***** MATERIAL PROVIDED *****
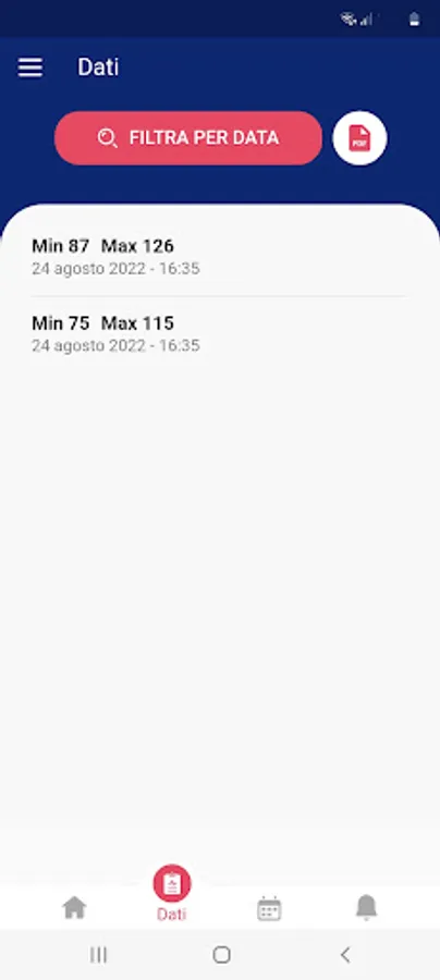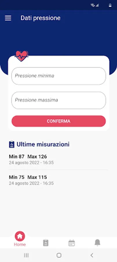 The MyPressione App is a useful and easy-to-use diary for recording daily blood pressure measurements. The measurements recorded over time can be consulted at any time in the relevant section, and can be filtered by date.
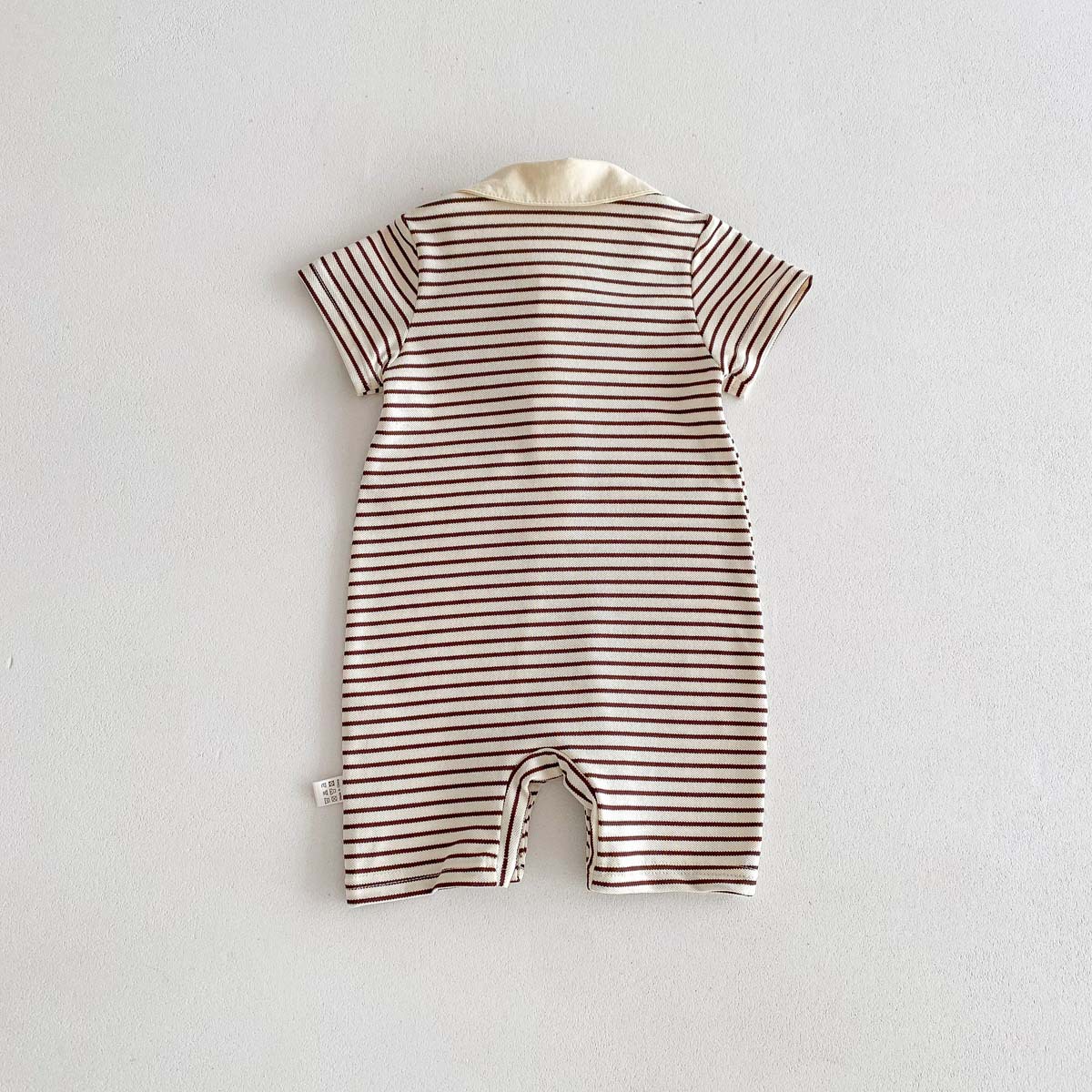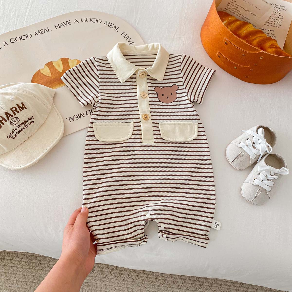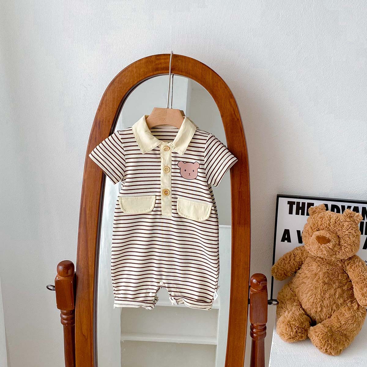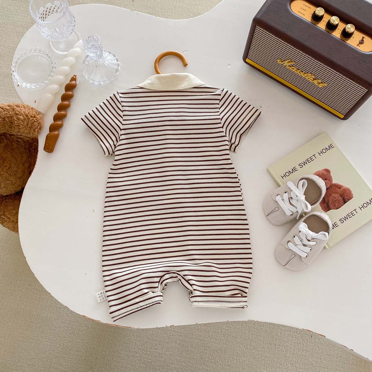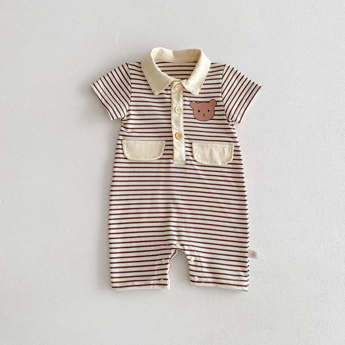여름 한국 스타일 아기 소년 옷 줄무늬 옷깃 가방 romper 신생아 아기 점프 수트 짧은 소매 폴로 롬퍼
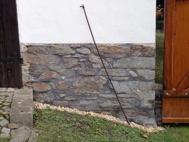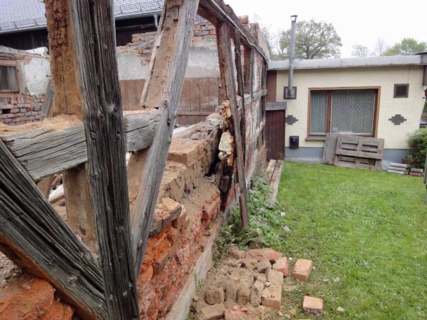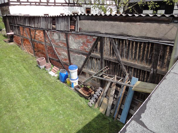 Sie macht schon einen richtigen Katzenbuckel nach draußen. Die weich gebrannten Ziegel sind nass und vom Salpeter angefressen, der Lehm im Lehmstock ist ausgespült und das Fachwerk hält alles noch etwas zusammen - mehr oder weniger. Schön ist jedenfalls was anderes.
*****
:: WHAT IS BEING ASKED ::
Transcribe everything above exactly. Do not include the pictures.

:: RESULT OF THE EXERCISE ::
 The MyPressione App is a useful and easy-to-use diary for recording daily blood pressure measurements. The measurements recorded over time can be consulted at any time in the relevant section, and can be filtered by date.
여름 한국 스타일 아기 소년 옷 줄무늬 옷깃 가방 romper 신생아 아기 점프 수트 짧은 소매 폴로 롬퍼
 Sie macht schon einen richtigen Katzenbuckel nach draußen. Die weich gebrannten Ziegel sind nass und vom Salpeter angefressen, der Lehm im Lehmstock ist ausgespült und das Fachwerk hält alles noch etwas zusammen - mehr oder weniger. Schön ist jedenfalls was anderes.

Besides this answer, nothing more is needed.